> [SUPPLIED MATERIAL]:
┄┄┄┄┄┄

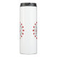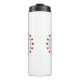 Este tumbler termal presenta su monograma en gris dentro de un círculo enmarcado con puntos negros y doble línea negra. En el exterior del marco negro hay un círculo de brillantes estrellas rojas. Su nombre está escrito en rojo coincidente sobre el monograma del centro gris. La imagen y el texto están en dos lados. ¡Muy distintivo!
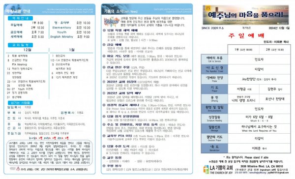 날짜: 2024.12.29 글쓴이 : JoyLife | 금주의 주보
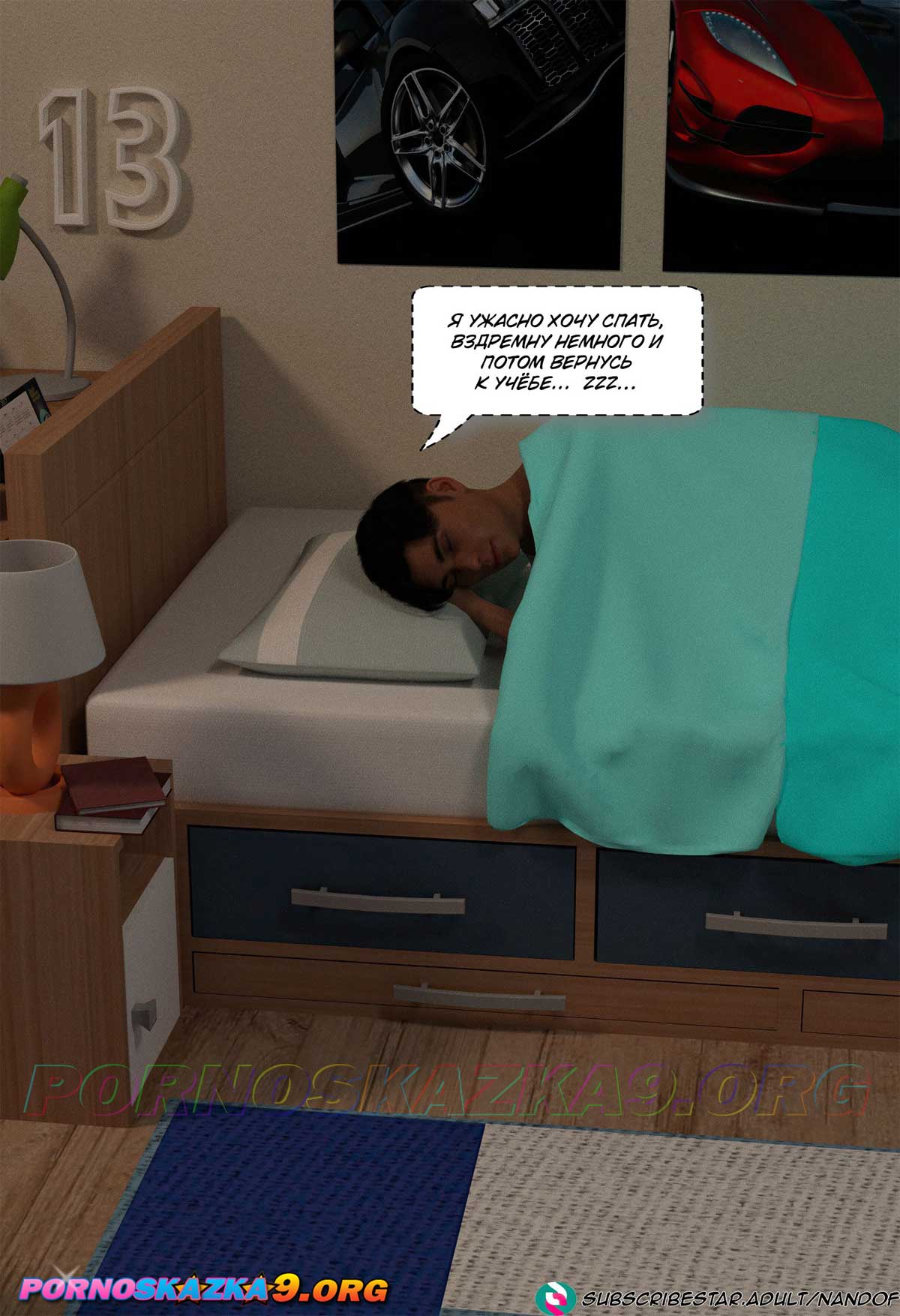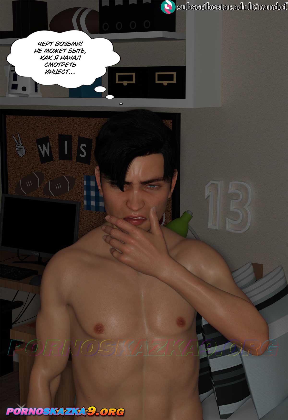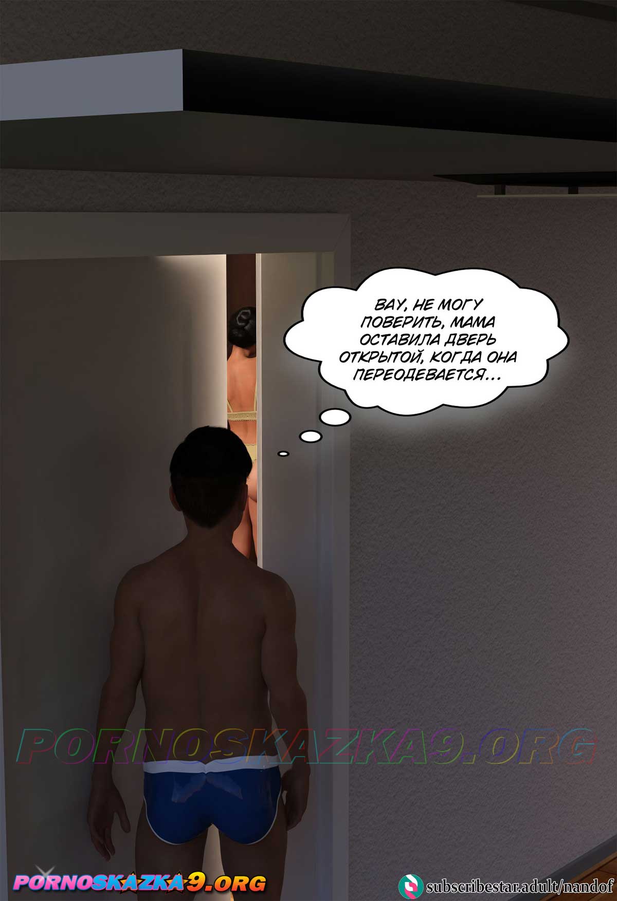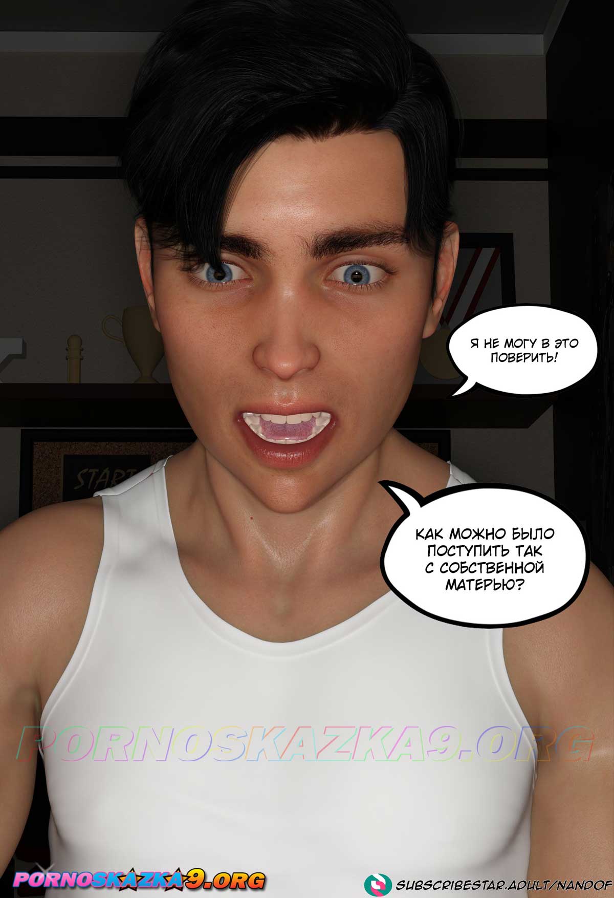 Порно комикс Что я наделала. Часть 1. Здравствуйте, друзья! Меня зовут Изабель, мне 42 года. В семье только я и мой сын Алекс, ему 20 лет. Его отец оставил нас, когда ему было 3 года, и с тех пор все обязанности по дому и заработку легли на меня. Алекс хороший мальчик, но в последнее время много перетруждается в учебе, и вот я решила помочь ему расслабиться. А далее произошло неслыханное, именно об этом я сегодня и расскажу…

┄┄┄┄┄┄

> [TASK REQUIREMENTS]:
Exactly as they appear, transcribe the lines from the top of the material above through the line with "날짜: 2024.12.29 글쓴이 : JoyLife | 금주의 주보". Omit any picture.

> [RESULT OF THIS EXERCISE]:
 Este tumbler termal presenta su monograma en gris dentro de un círculo enmarcado con puntos negros y doble línea negra. En el exterior del marco negro hay un círculo de brillantes estrellas rojas. Su nombre está escrito en rojo coincidente sobre el monograma del centro gris. La imagen y el texto están en dos lados. ¡Muy distintivo!
 날짜: 2024.12.29 글쓴이 : JoyLife | 금주의 주보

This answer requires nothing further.